> _Task item_
Transcribe all of the data exactly. Omit the pictures.

> _Available data_
------------------------------------------------

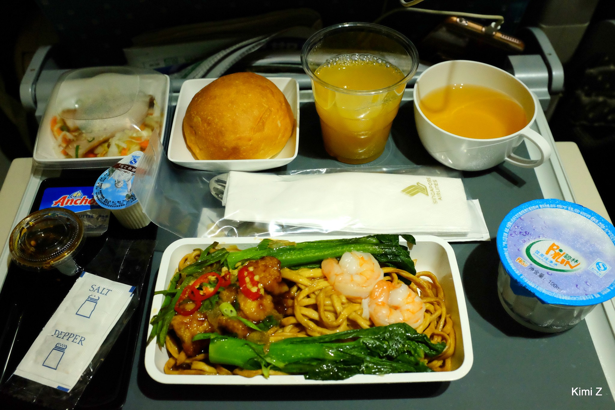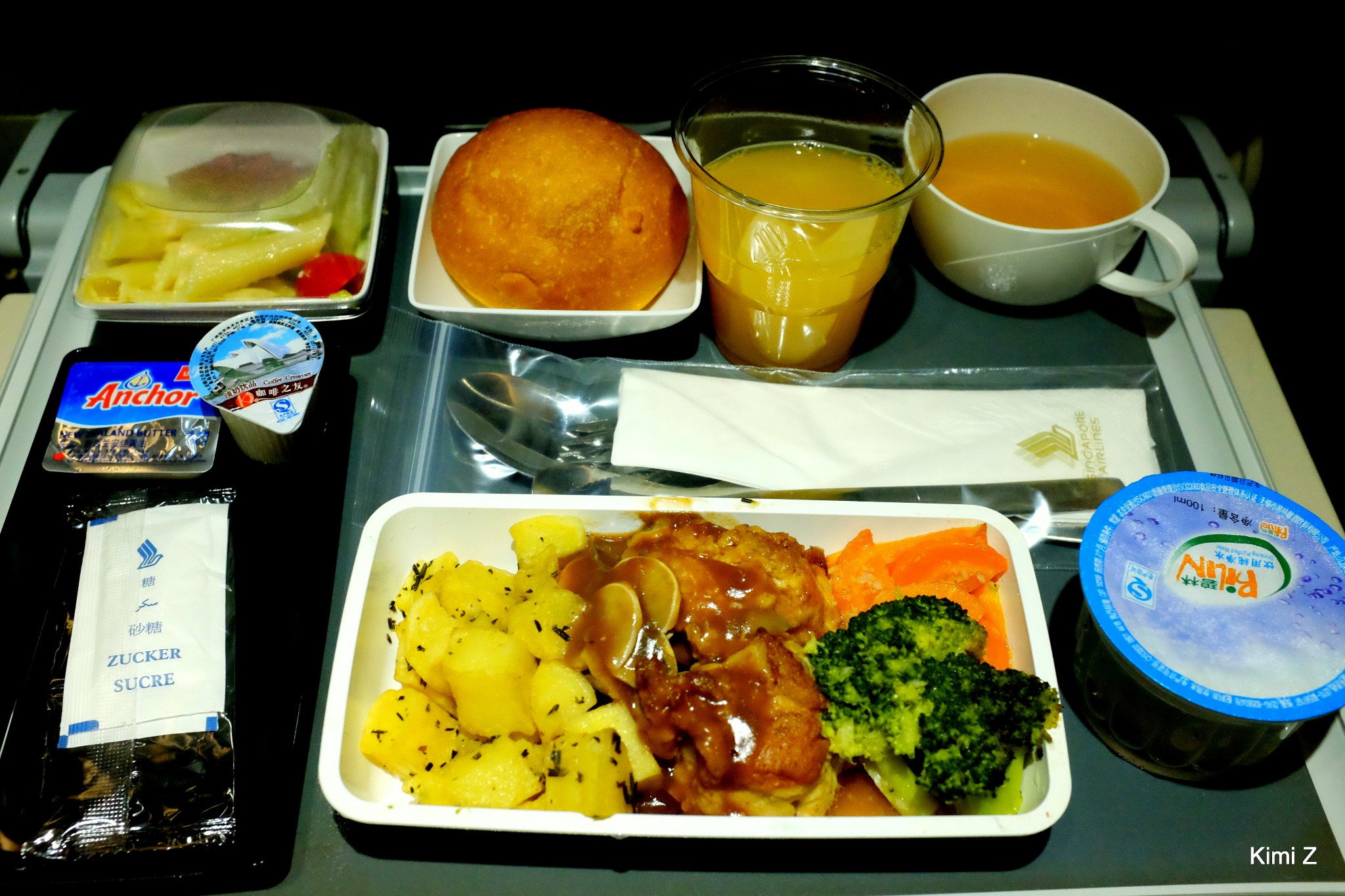 最后选择了SQ853搭配SQ852航班,因为这样早机去、晚机返,最大限度地利用了在新加坡游玩的时间,不过要能忍受红眼航班的疲劳。新加坡航空作为全球十大最佳航空公司,一直被誉为最舒适和最安全的航空公司之一,飞机的平均机龄为6.6年。这次选乘的SQ853虽然是红眼航班,但空乘人员非常热情有礼,上机后会提供热毛巾,无论是服务还是餐食都很不错,去程航班提供夜宵,夜宵有国际餐点和东方餐点两种选择。
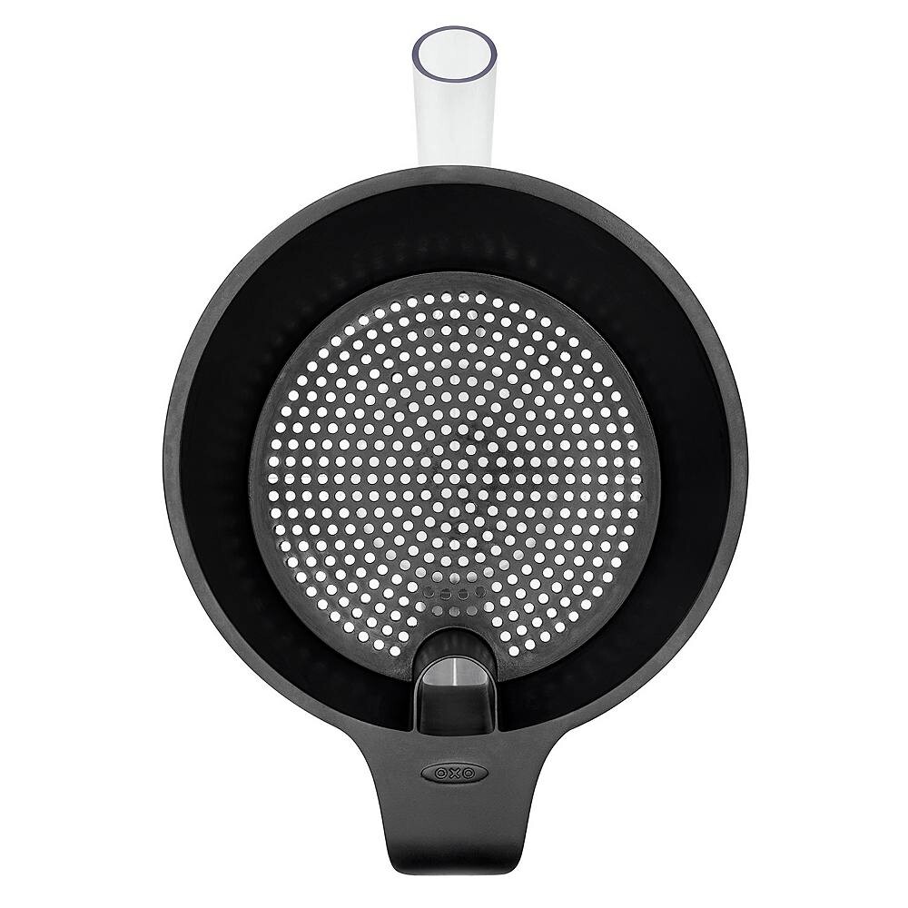 Приготовление соуса еще никогда не было таким простым с сепаратором жира OXO Good Grips. Просто вставьте пробку в носик, и когда вы выльете капли со сковороды в жироотделитель, сито отделит ненужные кусочки, и жир поднимется наверх.
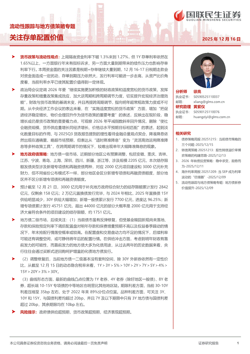 国联民生证券-流动性跟踪与地方债策略专题:关注存单配置价值-251216

------------------------------------------------

> _The completed task_
 最后选择了SQ853搭配SQ852航班,因为这样早机去、晚机返,最大限度地利用了在新加坡游玩的时间,不过要能忍受红眼航班的疲劳。新加坡航空作为全球十大最佳航空公司,一直被誉为最舒适和最安全的航空公司之一,飞机的平均机龄为6.6年。这次选乘的SQ853虽然是红眼航班,但空乘人员非常热情有礼,上机后会提供热毛巾,无论是服务还是餐食都很不错,去程航班提供夜宵,夜宵有国际餐点和东方餐点两种选择。
 Приготовление соуса еще никогда не было таким простым с сепаратором жира OXO Good Grips. Просто вставьте пробку в носик, и когда вы выльете капли со сковороды в жироотделитель, сито отделит ненужные кусочки, и жир поднимется наверх.
 国联民生证券-流动性跟踪与地方债策略专题:关注存单配置价值-251216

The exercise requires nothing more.